International survey on transactional sex among humanitarian actors

These Colombia-focused findings were embedded in a bird’s-eye view based on an international survey with service providers in humanitarian contexts across the world presented by ListenH researcher and leader of the project’s humanitarian workstream Clea Kahn

Both her and other panel contributions distinguished understandings of transactional sex that emphasise coercion in individual sexual relations from structural coercions rooted in a context of conflict, impoverishment, xenophobia and gender-based oppression.
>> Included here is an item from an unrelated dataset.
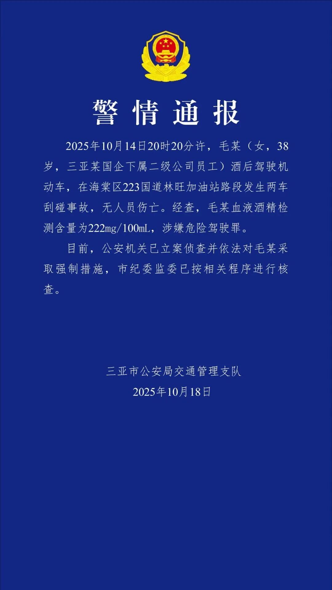 2025年10月14日20时20分许,毛某(女,38岁,三亚某国企下属二级公司员工)酒后驾驶机动车,在海棠区223国道林旺加油站路段发生两车刮碰事故,无人员伤亡。经查,毛某血液酒精检测含量为222mg/100ml,涉嫌危险驾驶罪。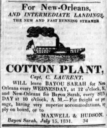 Bayou Sara, once the most important port for steamboats and flatboats between Natchez and New Orleans, is located on the Mississippi River, downhill from St. Francisville, in West Feliciana Parish, Louisiana. Named after the adjacent bayou, Bayou Sara was originally developed in 1800 and survived until the great flood of 1927. The town contained many homes and a wide variety of businesses, all of which were repeatedly rebuilt after many fires and floods.

Katheryn Crespo poignantly summarized that transactional sex '[…] is deeply linked to the social, economic, and gender conditions that many people, especially migrant and trans women, experience in precarious situations'.

Katheryn Crespo

transactional sex '[…] is deeply linked to the social, economic, and gender conditions that many people, especially migrant and trans women, experience in precarious situations'

Katheryn Crespo

Humanitarian studies researcher Jérémie Byenda Muziri presented on transactional sex in internally displaced persons’ camps around Goma, DRC. His presentation 'Is transactional sex in the displaced camps around Goma a strategy or survival mode?' that also emerged from the ListenH project, underlined the different forms of violence that women and girls engaged in transactional sex experience.

Besides the two presentations rooted in country contexts studied by the ListenH project, Shirin Heidari, Principal Investigator of the Liminality Research Consortium at the Geneva Graduate Institute presented findings from the multi-country study on 'Structural Drivers and Gendered Patterns of Transactional Sexual Practices in forced displacement'.

ListenH Colombia -Asneidis Vega

ListenH panel on coping in resource-constrained environments

The ListenH project hosted at ISS seeks to understand transactional sex in situations of humanitarian crises and reforming institutional responses. ListenH convened the 2025 IHSA conference panel titled 'Coping strategies of affected people in a resource-constrained environment'. 

The panel took place over a full day and included research exploring how people cope in acute, chronic or protracted humanitarian contexts. The nine presentations explored a range of issues, strategies and programmes in a range of contexts. In addition to the focus on transactional sex, papers explored the success of small business initiatives in Syria, the challenge of extorted protection payments in Nigeria, the coping strategies of adolescent girls in conflict in Ethiopia and sexual exploitation and abuse perpetrated by service providers in the DRC and Sudan.